Lesson 8: Graphs of logarithmic functions# Transformations of functions: FAQ

Frequently asked questions about transformations of functions

## What do we mean by "shifting functions horizontally?"

When we shift a function horizontally, we are moving the entire graph of the function left or right. This is done by adding or subtracting a constant from the function's input. For example, to shift the function $f(x)={x}^{2}$ three units to the left, we would write $f(x+3)=(x+3{)}^{2}$ .

## What do we mean by "shifting functions vertically?"

Vertical shifting is similar to horizontal shifting, except we are moving the entire graph of the function up or down. This is done by adding or subtracting a constant from the function's output. For example, to shift the function $f(x)={x}^{2}$ four units up, we would write $f(x)={x}^{2}+4$ .

## How do we reflect a function?

When we reflect a function, we're flipping it over a specific line. For example, if we reflect a function over the $y$ -axis, we're flipping it from left to right. If we reflect a function over the $x$ -axis, we're flipping it from top to bottom.

## How do we scale a function?

When we scale a function, we're changing its size on the graph. For example, if we multiply a function by $2$ , we're making it twice as tall. If we multiply a function by $\frac{1}{2}$ , we're making it half as tall.

## Are there any real-world applications for these transformations?

Yes!

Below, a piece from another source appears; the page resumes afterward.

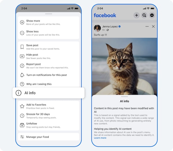 Image from a Meta blog post showing how an "AI info" label may be applied to synthetic content.Meta

We use transformations in a variety of fields, like engineering, physics, and economics. For example, in physics, we often use transformations to change the units of a function in order to make it easier to work with. In economics, we might use transformations to help us compare different data sets.

## Want to join the conversation?

- How to you find the vertical asymptote?(7 votes)
- The vertical asymptote of a logarithmic function occurs when the "argument" of the logarithm equals zero.

For example, in the function log(x+4), the argument is (x+4). What does "x" have to be for the argument to equal 0? We can write this as an equation to solve:

x + 4 = 0

Subtract 4 from both sides of the equation.

x = -4.

The vertical asymptote is -4.

In a nutshell, the vertical asymptote is the number that "x" must equal for the argument to equal 0.(14 votes)

- How do you find the horizontal asymptote?(3 votes)
- I believe it isn't related to this lesson, or even Algebra 2?

But anyway, to find the horizontal asymptote, take the limit of the function when x tends towards +∞ and -∞.

If we have a real number as a result, then that's the horizontal asymptote.

Or else, there is no horizontal asymptote.

https://www.khanacademy.org/math/ap-calculus-ab/ab-limits-new/ab-1-14/v/infinite-limits-and-asymptotes

https://www.cuemath.com/calculus/horizontal-asymptote/(3 votes)

- How do I solve(2-x)(0 votes)
- I think of it like (-x+2). First thing is we have to reflect over the y-axis because for every x they are now negative. Then, to figure out the shift I usually just say what would x have to be to make what's in the parenthesis equal to zero. For (2-x), the x would have to be a positive 2 in order to equal 0. 2-2=0. Therefore, because x needs to be positive 2 in order to make it equal to zero we shift to the right 2(2 votes)